The data below should be printed in full, exactly, and without any of its images.

Data to process START

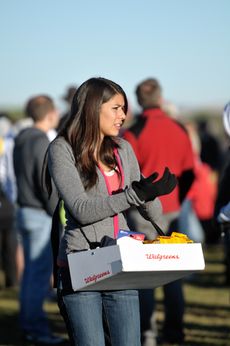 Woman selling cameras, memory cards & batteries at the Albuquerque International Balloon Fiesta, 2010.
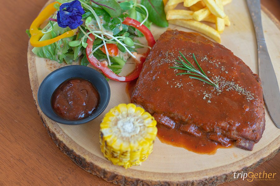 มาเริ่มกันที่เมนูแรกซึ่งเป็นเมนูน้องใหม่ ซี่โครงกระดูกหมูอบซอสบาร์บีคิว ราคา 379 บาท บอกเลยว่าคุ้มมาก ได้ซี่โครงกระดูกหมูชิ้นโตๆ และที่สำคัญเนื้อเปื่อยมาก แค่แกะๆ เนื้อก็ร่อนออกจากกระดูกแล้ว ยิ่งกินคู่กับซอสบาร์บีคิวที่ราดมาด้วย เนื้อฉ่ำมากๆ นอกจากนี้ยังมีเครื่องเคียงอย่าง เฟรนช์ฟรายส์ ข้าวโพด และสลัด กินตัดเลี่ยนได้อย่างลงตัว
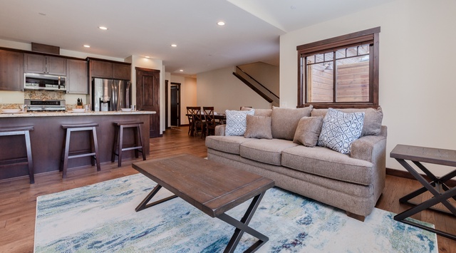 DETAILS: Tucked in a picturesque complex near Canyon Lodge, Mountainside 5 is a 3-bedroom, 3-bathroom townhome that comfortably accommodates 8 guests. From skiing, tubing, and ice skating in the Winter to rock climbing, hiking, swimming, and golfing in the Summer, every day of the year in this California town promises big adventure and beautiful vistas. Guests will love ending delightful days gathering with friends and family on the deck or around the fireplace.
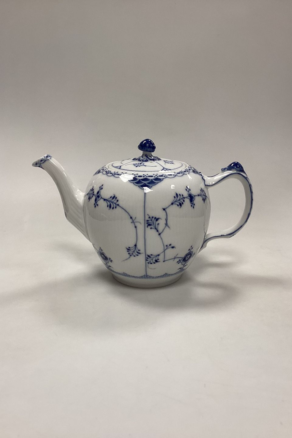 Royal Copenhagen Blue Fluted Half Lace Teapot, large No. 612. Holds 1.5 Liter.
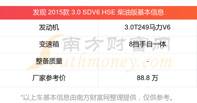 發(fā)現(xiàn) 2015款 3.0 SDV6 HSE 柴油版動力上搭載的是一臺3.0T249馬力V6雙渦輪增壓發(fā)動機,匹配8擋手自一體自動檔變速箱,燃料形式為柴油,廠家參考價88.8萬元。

Data to process END

Problem solution
 Woman selling cameras, memory cards & batteries at the Albuquerque International Balloon Fiesta, 2010.
 มาเริ่มกันที่เมนูแรกซึ่งเป็นเมนูน้องใหม่ ซี่โครงกระดูกหมูอบซอสบาร์บีคิว ราคา 379 บาท บอกเลยว่าคุ้มมาก ได้ซี่โครงกระดูกหมูชิ้นโตๆ และที่สำคัญเนื้อเปื่อยมาก แค่แกะๆ เนื้อก็ร่อนออกจากกระดูกแล้ว ยิ่งกินคู่กับซอสบาร์บีคิวที่ราดมาด้วย เนื้อฉ่ำมากๆ นอกจากนี้ยังมีเครื่องเคียงอย่าง เฟรนช์ฟรายส์ ข้าวโพด และสลัด กินตัดเลี่ยนได้อย่างลงตัว
 DETAILS: Tucked in a picturesque complex near Canyon Lodge, Mountainside 5 is a 3-bedroom, 3-bathroom townhome that comfortably accommodates 8 guests. From skiing, tubing, and ice skating in the Winter to rock climbing, hiking, swimming, and golfing in the Summer, every day of the year in this California town promises big adventure and beautiful vistas. Guests will love ending delightful days gathering with friends and family on the deck or around the fireplace.
 Royal Copenhagen Blue Fluted Half Lace Teapot, large No. 612. Holds 1.5 Liter.
 發(fā)現(xiàn) 2015款 3.0 SDV6 HSE 柴油版動力上搭載的是一臺3.0T249馬力V6雙渦輪增壓發(fā)動機,匹配8擋手自一體自動檔變速箱,燃料形式為柴油,廠家參考價88.8萬元。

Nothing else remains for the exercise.